◆ **Extracted information**
■ ■ ■ ■
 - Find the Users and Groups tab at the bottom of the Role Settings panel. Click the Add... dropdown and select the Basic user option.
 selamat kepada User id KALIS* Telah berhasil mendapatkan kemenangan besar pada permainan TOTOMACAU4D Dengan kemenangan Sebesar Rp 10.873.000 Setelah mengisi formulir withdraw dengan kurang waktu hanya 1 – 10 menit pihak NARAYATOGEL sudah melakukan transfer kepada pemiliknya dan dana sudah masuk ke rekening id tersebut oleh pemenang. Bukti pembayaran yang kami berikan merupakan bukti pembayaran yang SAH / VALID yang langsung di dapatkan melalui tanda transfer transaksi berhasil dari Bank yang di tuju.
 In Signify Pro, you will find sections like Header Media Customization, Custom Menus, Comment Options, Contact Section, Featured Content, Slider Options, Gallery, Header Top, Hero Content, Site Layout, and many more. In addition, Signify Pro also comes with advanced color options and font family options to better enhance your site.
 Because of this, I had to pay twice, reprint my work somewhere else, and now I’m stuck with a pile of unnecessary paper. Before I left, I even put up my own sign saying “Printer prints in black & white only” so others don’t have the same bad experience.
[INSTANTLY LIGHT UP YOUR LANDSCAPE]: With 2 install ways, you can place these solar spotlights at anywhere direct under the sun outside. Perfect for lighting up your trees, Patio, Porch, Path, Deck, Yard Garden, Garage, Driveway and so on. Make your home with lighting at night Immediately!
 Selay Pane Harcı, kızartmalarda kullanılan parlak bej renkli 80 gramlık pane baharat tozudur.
■ ■ ■ ■
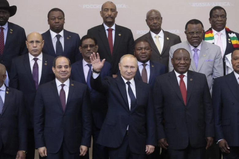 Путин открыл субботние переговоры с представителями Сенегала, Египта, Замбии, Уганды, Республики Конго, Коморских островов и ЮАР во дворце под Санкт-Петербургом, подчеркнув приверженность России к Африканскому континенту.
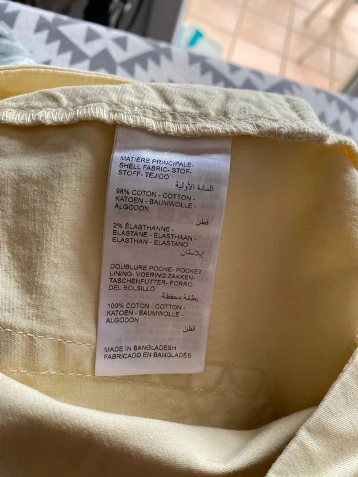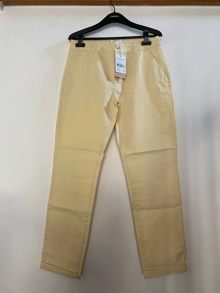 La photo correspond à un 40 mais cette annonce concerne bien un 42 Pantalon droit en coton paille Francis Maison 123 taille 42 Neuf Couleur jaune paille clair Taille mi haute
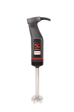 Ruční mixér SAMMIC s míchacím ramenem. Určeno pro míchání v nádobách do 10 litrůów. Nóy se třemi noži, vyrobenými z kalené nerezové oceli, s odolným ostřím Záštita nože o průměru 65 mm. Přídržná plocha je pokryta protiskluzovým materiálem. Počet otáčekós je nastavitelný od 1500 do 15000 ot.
■ ■ ■ ■
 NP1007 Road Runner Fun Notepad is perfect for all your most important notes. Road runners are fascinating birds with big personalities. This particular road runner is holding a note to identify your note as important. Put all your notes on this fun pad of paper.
■ ■ ■ ■
◆ **Aim of the task**
Go to the line above that contains "Путин открыл субботние" and reproduce everything exactly from there through the line that contains "La photo correspond", leaving out the pictures.

◆ **Output for this task**
 Путин открыл субботние переговоры с представителями Сенегала, Египта, Замбии, Уганды, Республики Конго, Коморских островов и ЮАР во дворце под Санкт-Петербургом, подчеркнув приверженность России к Африканскому континенту.
 La photo correspond à un 40 mais cette annonce concerne bien un 42 Pantalon droit en coton paille Francis Maison 123 taille 42 Neuf Couleur jaune paille clair Taille mi haute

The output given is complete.